There is no drinking water or toilet facilities at the beach, so remember to take all you want with you. Forgotten sunscreen and hats have left many a tourist pink and sore the next day!

At the foot of the hill before the start of the path is the Marine Reserve Exhibition Hall, a good place to learn about conservation efforts and issues in the waters around the archipelago.

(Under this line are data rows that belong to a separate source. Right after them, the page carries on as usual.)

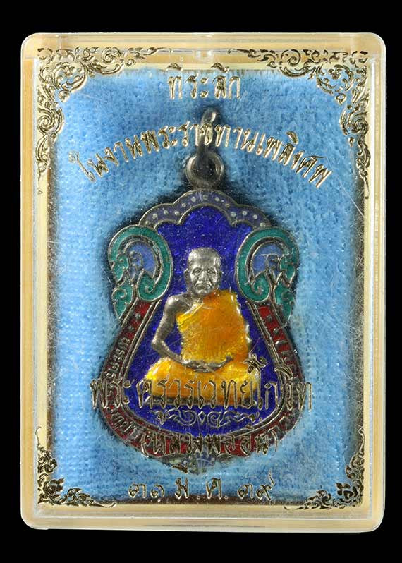 เหรียญท้าวมหาพรหม รุ่นเจ้าสัวพันล้าน(บอย ท่าพระจันทร์) เนื้อฝาบาตรลงยาพื้นดำขอบแดง เลขโค๊ต ๑๖๑ พร้อมกล่องเดิม |
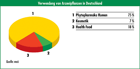 Experten schätzen, dass weltweit etwa 40.000 Pflanzenarten medizinisch genutzt werden. Die rund 100 Arten, deren Wirkstoffe bekannt sind und industriell weiterverarbeitet werden, machen also nur einen kleinen Anteil aus. Mit rund 75 Prozent gehen Arzneipflanzen in Deutschland vor allem in die Produktion von pflanzlichen Arzneimitteln. Daneben gewinnen Kosmetika und in wachsendem Umfang auch Nahrungsergänzungsmittel an Bedeutung.
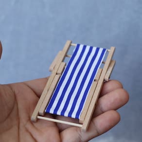 Tamanho: 11 cm de comprimento, 5,5 cm de largura Material: tecido de madeira Peso: 7 g Atenção: não é um brinquedo para crianças menores de 3 anos; evite peças pequenas que possam causar risco de asfixia. Este produto é apenas um modelo de brinquedo e não se destina ao uso na vida real. Um complemento perfeito para casas de bonecas em escala 1/12, criando uma cena de praia aconchegante e divertida para suas bonecas. Feita de madeira e tecido duráveis, esta cadeira de praia dobrável apresenta um design clássico listrado em azul, perfeito para configurações em miniatura. Ótima para brincadeiras criativas, esta peça de mobiliário em miniatura aprimora a brincadeira de fingir em casas de bonecas, dando vida ao seu pequeno mundo.
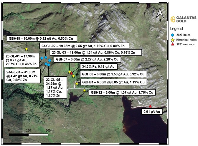 • Hole 23-GL-05 intersected 1.87 grams per tonne (g/t) gold (Au), 1.17% copper (Cu), 1.20% zinc (Zn), 131 g/t cobalt (Co) and 7.06 g/t silver (Ag) over 34.25 metres with new mineralization identified a further 100 metres at depth.
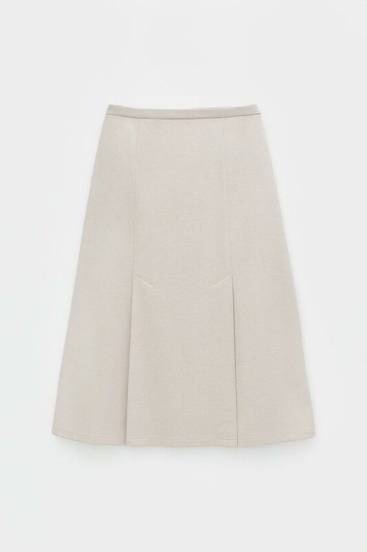 Юбка миди трапециевидной формы с отлетной деталью с разрезами из плотного гладкого трикотажа интерлок.
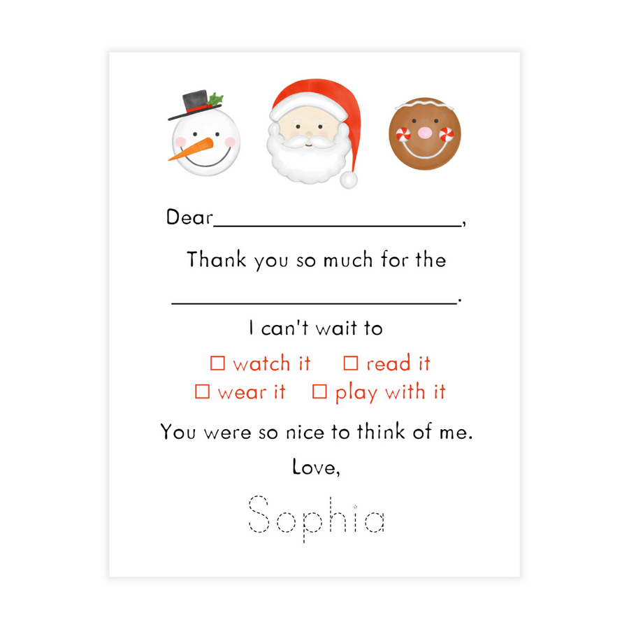 This set of 10 flat note cards features a fill-in style just for kids! Take away the frustration of writing a thank you note and instill a good habit that's fun instead! Personalized with a "dashed" font so kids can easily trace their name.
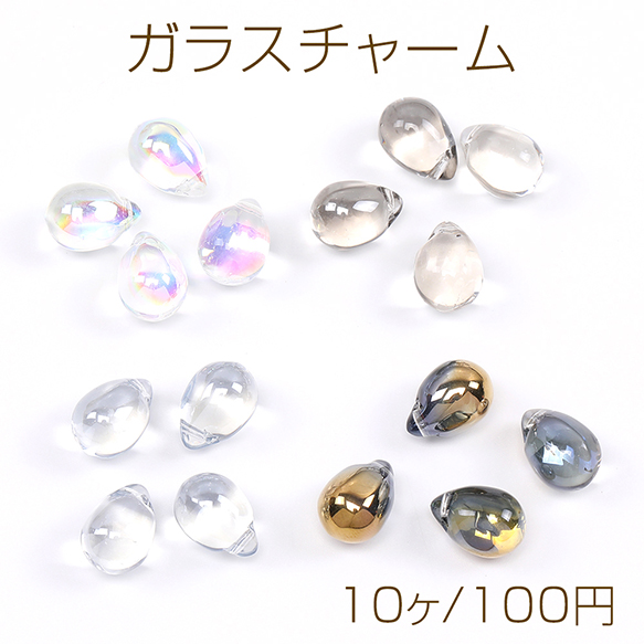 ガラスチャーム しずく型 横穴 9.5×13.5mm(10ヶ)
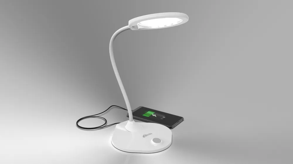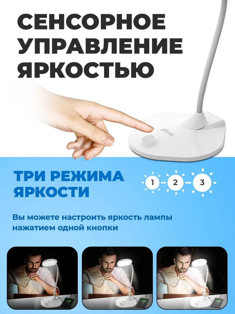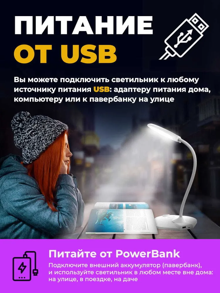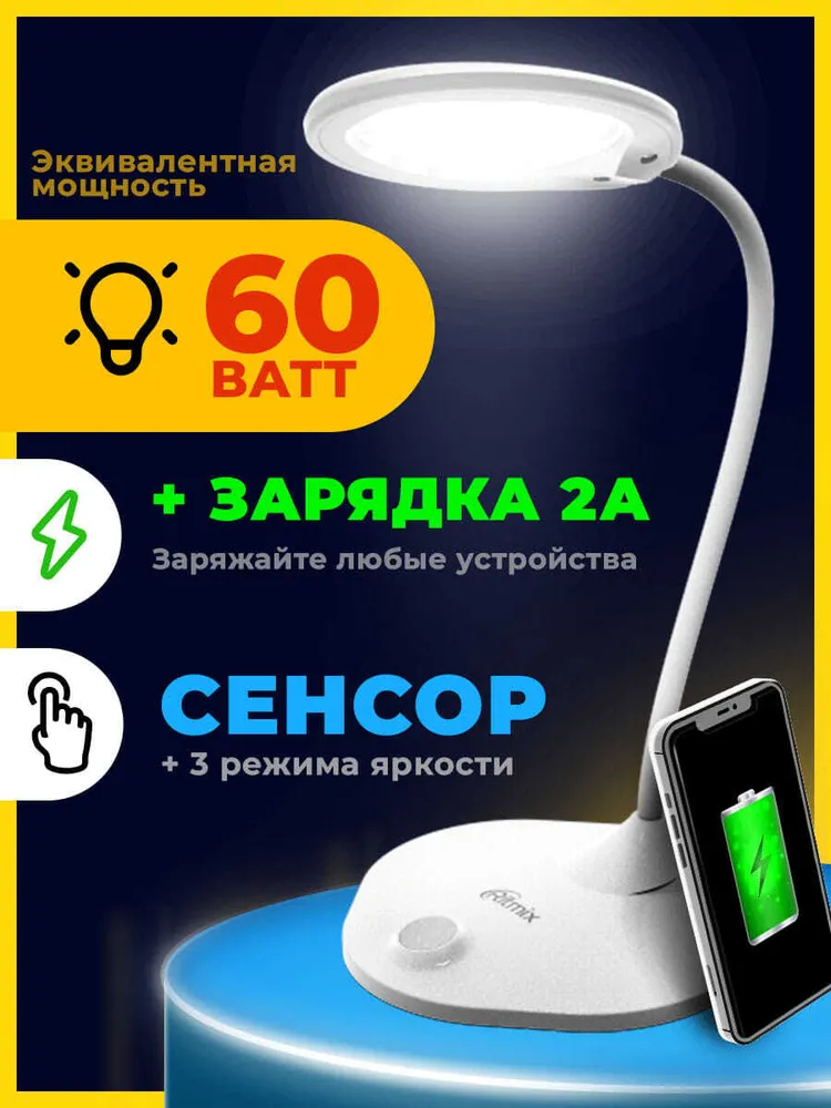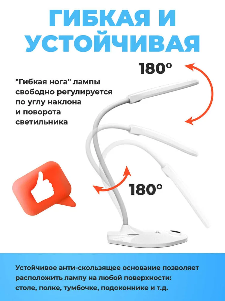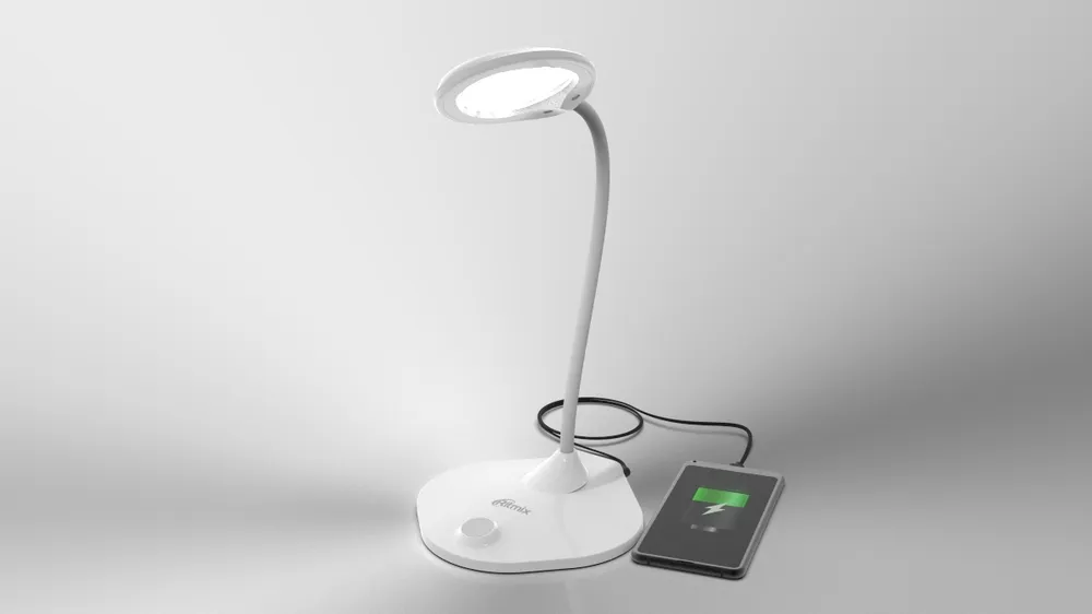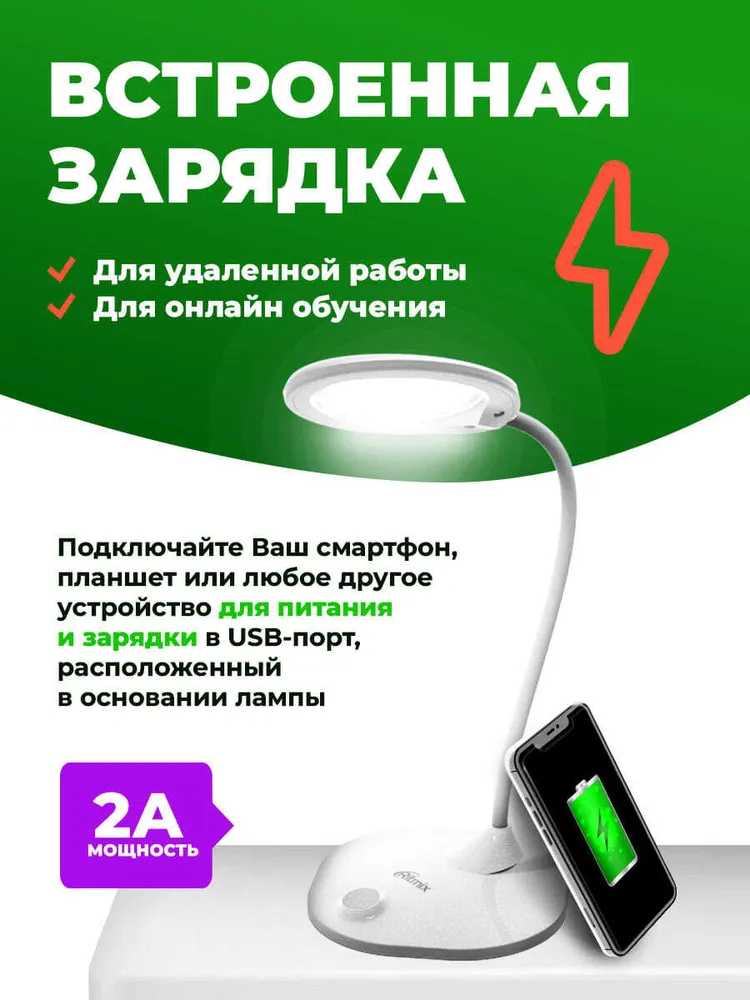 Гибкая нога: "Гибкая нога" лампы свободно регулируется по углу наклона и поворота светильника. Устойчивое нескользящее основание позволяет надёжно расположить лампу на любой горизонтальной поверхности: столе, полке, тумбочке и т.д. Благодаря выходу USB зарядки 5В 2А в основании лампы удобно подключить Ваш смартфон, планшет или любое другое устройство для питания и зарядки. Эта возможность особенно пригодится при удаленной работе или при онлайн обучении.
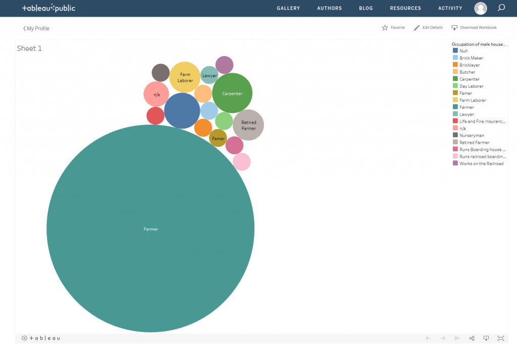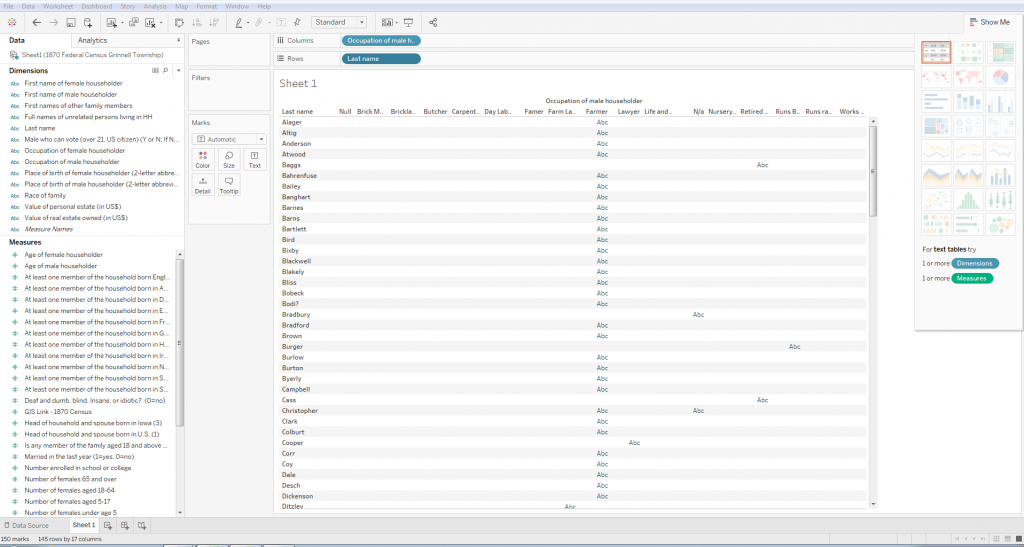 22-Tableau’s default visualization is a table that shows where last names and occupations intersect in the data.
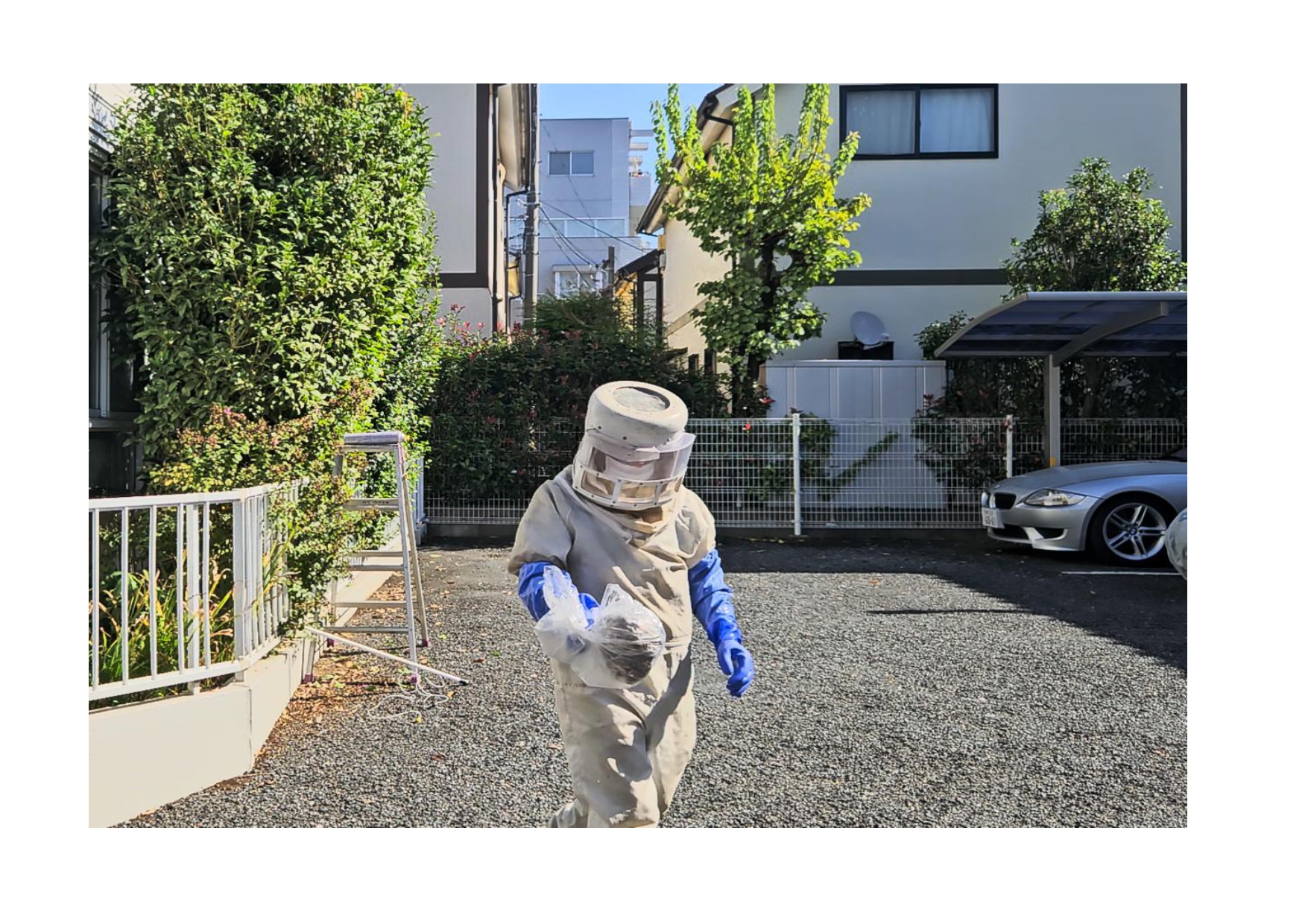 待ち合わせの日時に現地にいくとすでに作業員の方が巣をさがしていました。
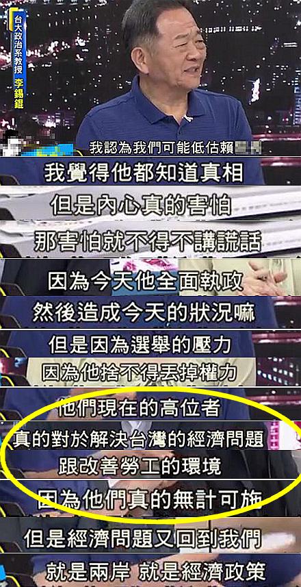 “數字”可以造假,“好話”誰都會說,可不管是“漂亮的數字”還是“騙人的好話”,都不可能長久,這點賴清德不知道嗎?蔡當局不清楚嗎?侃爺覺得這位臺大政治系的教授一語就點出了關鍵!
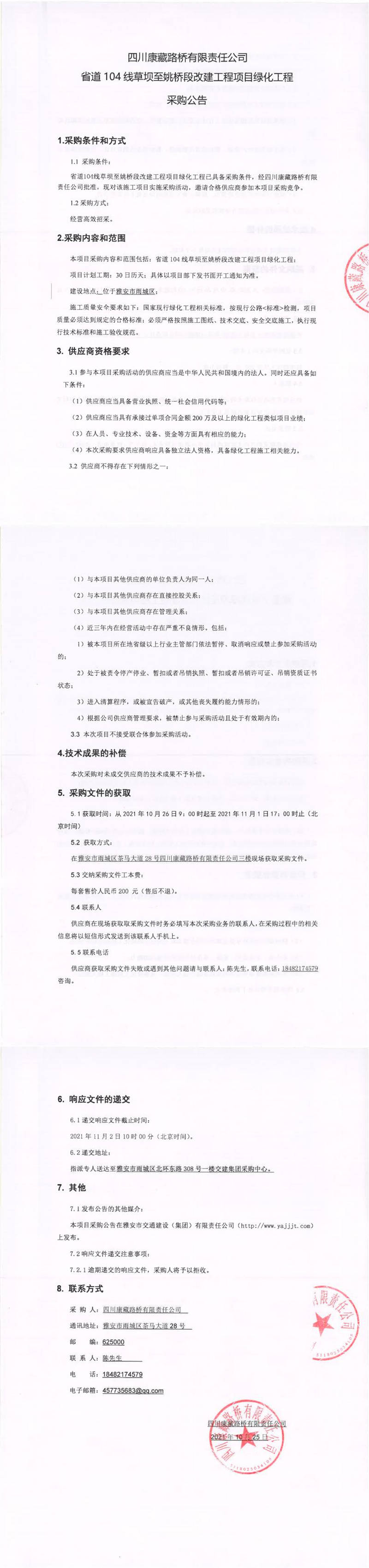 四川康藏路橋有限責(zé)任公司省道104線草壩至姚橋段改建工程項(xiàng)目綠化工程采購(gòu)公告

The Charles Darwin Research Center

15 – 20 minute walk east down the end of the main drag, Av Charles Darwin.

Open 6am – 6pm.

More than 200 scientists and volunteers are involved with research and conservation efforts, the most well known of which involves a captive breeding program for giant tortoises. It contains a national park information center, a baby tortoise house with incubators, and a walk through an adult tortoise enclosure. Lonesome George, the only surviving member of the Isla Pinta subspecies, has been living here since 1972. Attempts were made to mate George with tortoises from nearby races, but rumour has it that a tortoise’s sexual organs atrophy with lack of use, and he has been alone a long time. Finally however, in 2008 after 35 years of trying to mate George, two of his long time female companions became pregnant. Unfortunately, the eggs laid proved to be unviable, leaving researches to try to find a closer matched mate.

Other attractions include a small enclosure containing several land iguanas and explanations concerning efforts to restore their populations on islands where they’ve been pushed the brink of extinction.

Las Grietas

Take a water taxi from the port to Angermeyer Point, approx 2 min, and then follow the signs along the walking track for approx 20 minutes.

Water taxi’s operate 6am – 7pm.

Las Grietas is a water filled crevice in the rocks. The water is cool and clear and great for snorkelling, and if you dare you can join the locals in scaling the vertical walls and plunge gracefully or clumsily if it may be, into the water below. Just don’t take anything you can afford to lose. It is a tempting place for thieves and many cameras and cell phones have gone missing there.

Garrapatero Beach

30 – 40 minute taxi ride east of Puerto Ayora, followed by a 15 minute walk onto the beach.

Garrapatero is a wide bay with multiple sandy beaches and tidal pools, good for exploring and snorkelling on calm days. There is also a fresh water lagoon behind the beach, which is occasionally the home to the amazing pink flamingos!


Numerous surf spots

There are numerous surf spots around Santa Cruz, San Cristobal and Isla Baltra. Some easily accessible by walking and others requiring a panga to reach. The easiest one to get to if you don`t mind the 2km walk to the beach is Tortuga Bay which has several good breaks.

For more information it is best to stop in at the Santa Cruz Surf Club when you get here.

Cerro Crocker and Media Luna

North of Bellavista

North of Bellavista is the national park land known as the highlands. A path from Bellavista leads towards Cerro Crocker (864m) and other hills and extinct volcanoes. This is a good chance to see the vegetation of the Scalesia, Miconia and fern sedge zones and to look for birds such as the vermilion flycatcher, the elusive Galapagos rail and the paint billed crake. It is around 5km from Bellavista to the crescent shaped hill of Media Luna, and 3km further to the base of Cerro Crocker.